Die von der ESC-Arbeitsgruppe definierten zeitlichen Ziele sind:

• vom ersten medizinischen Kontakt eines Patienten bis zur EKG-Diagnose maximal 10 Minuten,

• vom ersten medizinischen Kontakt bis zur Initiierung der Fibrinolyse maximal 30 Minuten,

• vom ersten medizinischen Kontakt bis zur PCI maximal 60 Minuten (frischer Infarkt innerhalb von zwei Stunden ab Schmerzbeginn),

• vom ersten medizinischen Kontakt bis zur PCI maximal 90 Minuten (alle anderen Infarkte von 2-12 Stunden),

• Als grobe Einschätzung der Entscheidung, ob eine primäre PCI durchgeführt werden kann oder ob mit einer Fibrinolyse begonnen werden sollte, gelten 120 Minuten ab dem ersten medizinischen Kontakt (= EKG mit Diagnose) bis zur PCI (Infarkte mit 3-12 Stunden Dauer).

• Nach erfolgreicher Fibrinolyse sollen Patienten innerhalb von drei bis 24 Stunden angiografiert und, wenn nötig, interveniert werden.

Eine Reperfusionstherapie wird für alle STEMI-Patienten innerhalb von 12 Stunden nach dem Auftreten der ersten Symptome empfohlen. Infarkte mit einer Dauer von 12 bis 24 Stunden sollten bei anhaltenden Beschwerden und/oder weiterhin bestehenden Ischämie-Zeichen mit EKG-Veränderungen einer Reperfusionstherapie mit PCI unterzogen werden.

Der routinemäßige Einsatz von PCI bei stabilen Patienten mit älteren Infarkten ohne Anzeichen einer Ischämie wird nicht empfohlen.

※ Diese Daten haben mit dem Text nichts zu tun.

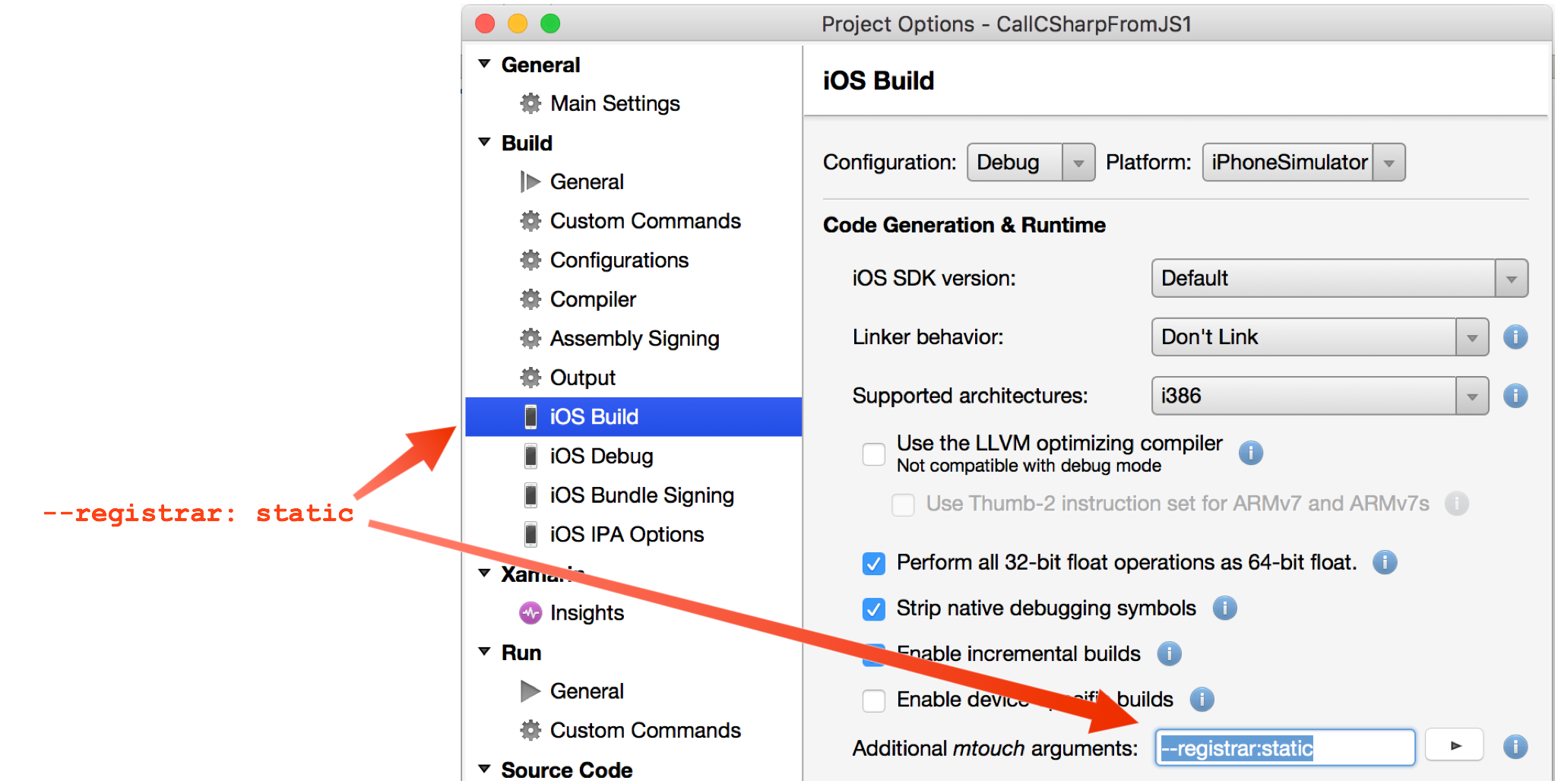 In order to export a C# object so that it is visible to JavaScript, the developer must add the --registrar:static argument to the arguments used by mtouch. In Xamarin Studio, this is done in the Project Options dialog, in the Build Options / iOS Build pane:
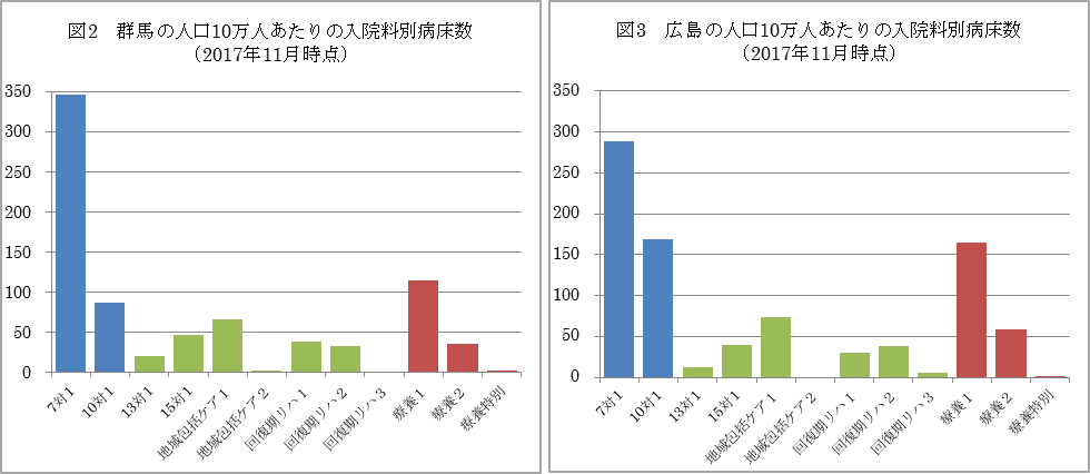 「急性期医療」「急性期医療~長期療養」「長期療養」に該当する病床数を人口10 万人あたり※2 で計算すると、全国平均は、「急性期医療」は403 床、「急性期医療~長期療養」は162 床、「長期療養」は168 床であった。群馬と広島を比較すると、群馬は病床数が多い順に、7 対1(347 床)、療養1(115 床)、10 対1(87 床)であったのに対し、広島は7 対1(288 床)、10 対1(169 床)、療養1(164 床)であった。(図2、図3)

Wichtig ist auch die peri-interventionelle Begleittherapie: An Antiplättchensubstanzen sollten zusätzlich zu Aspirin Prasugrel oder Ticagrelor zum Einsatz kommen (I B Empfehlung), an Antikoagulantien Bivalirudin (I B) oder unfraktioniertes Heparin (I C). Auch niedermolekulares Heparin (Enoxaparin) ist möglich (IIbB).

Im Falle einer Fibrinolysetherapie sollten zusätzlich zum Fibrinolytikum (bevorzugt TNK-tPA oder andere Fibrin-spezifische Substanzen) Aspirin, Clopidrogel und niedermolekulares Heparin zur Anwendung kommen.